Latvia’s Government Sells National Currency

The Latvian Government sold lati after the currency reached its trading band limit, being the first sell since the month of November, as the nation moved closer to get the next tranche of a billionaire loan to rescue the weakened Baltic economy.
According to the Latvian central bank website, 111.7 milion lati were sold to private financial institutions in order to prevent the lats currency rally to continue. The amount sold, equivalent to $222.6 milion, helped the euro to strengthen 0.7 against the lats, which has its limits artificially controlled within a trading band, a requirement for the Baltic nation to adopt the euro during the next years. Latvia is immersed in the most severe recession since its independence from the Soviet Union, and the government is struggling to avoid bankruptcy, cutting its budget sequentially, in order to get the necessary loans to rescue the economy and avoid a financial chaos in Latvia.

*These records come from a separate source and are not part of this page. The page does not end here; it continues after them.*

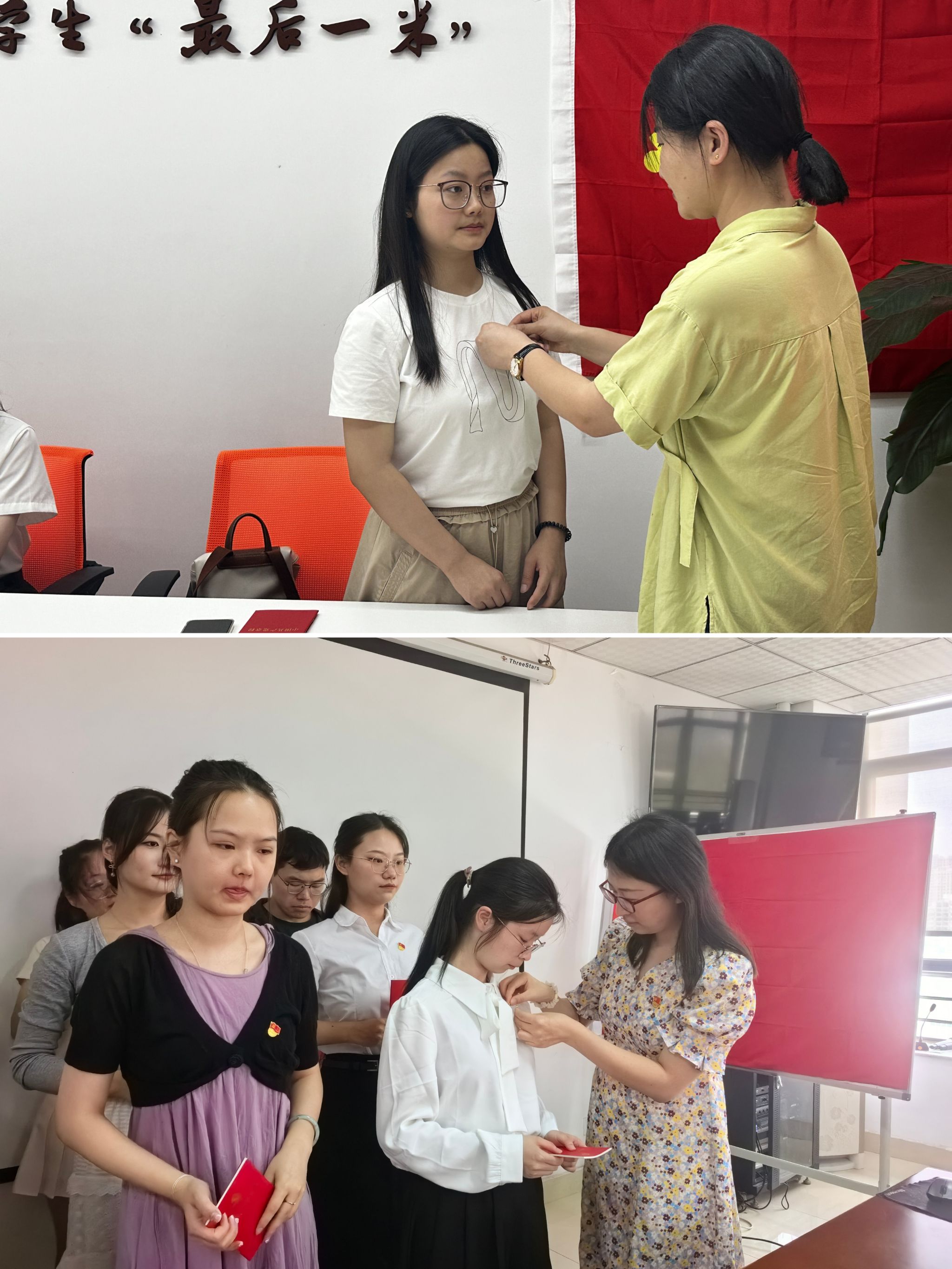 夏娟、曹甜甜分别给新党员送党章,戴党员徽章。
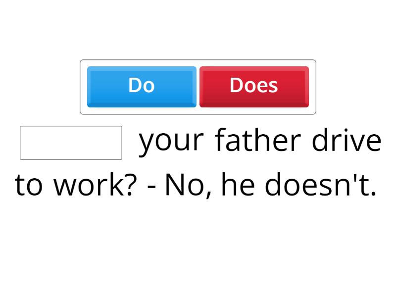____ your father drive to work? - No, he doesn't. ____ John and Helen ride their bikes to the playground? - Yes, they do ____ Alina walk to school? - Yes, she does ____ Bart take the train to work? - Yes, he does. ____ Clark and Sam drive to the pet shop? - Yes, they do.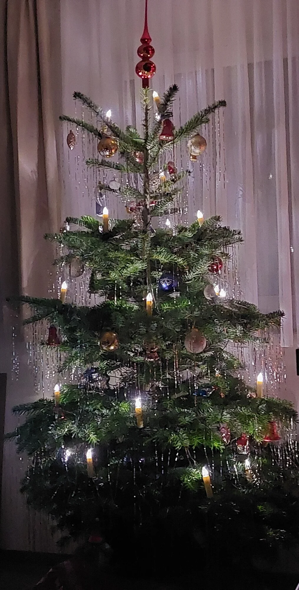 Deiner gefällt vor allem, durch wenigem Schmuck, wodurch der Baum zur Hauptsache wird.Dann stelle ich unseren hier auch dazu:
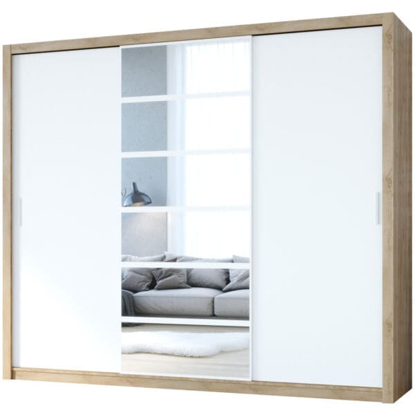 Skříň se zrcadlem PANAMA 250 dub artisan / bílá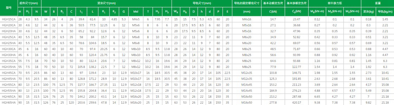 臺(tái)灣上銀直線導(dǎo)軌HG系列型號(hào)及參數(shù):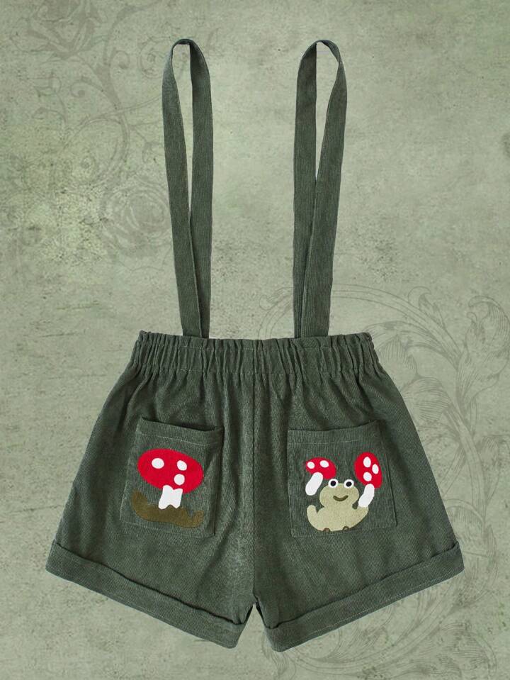 Fairycore شورت بحمالات موحدة اللون نسيج قطن

Currently the lat is pegged to the euro with a very limited fluctuation band, but since Latvia has been struck with the most severe recession among the European Union countries, the government has been forced to ask for external financial help, which came of course, followed by a series of requirements from international financial institutions to rescue Latvia with billionaire loans. According to specialists, the mid-term future of the Baltic nation will remain grim, as the annualized numbers for the country’s economy show that it has contracted 18 percent in the first quarter.
EUR/LVL climbed to 0.7025 from 0.6963 as of 11.13 a.m. GMT.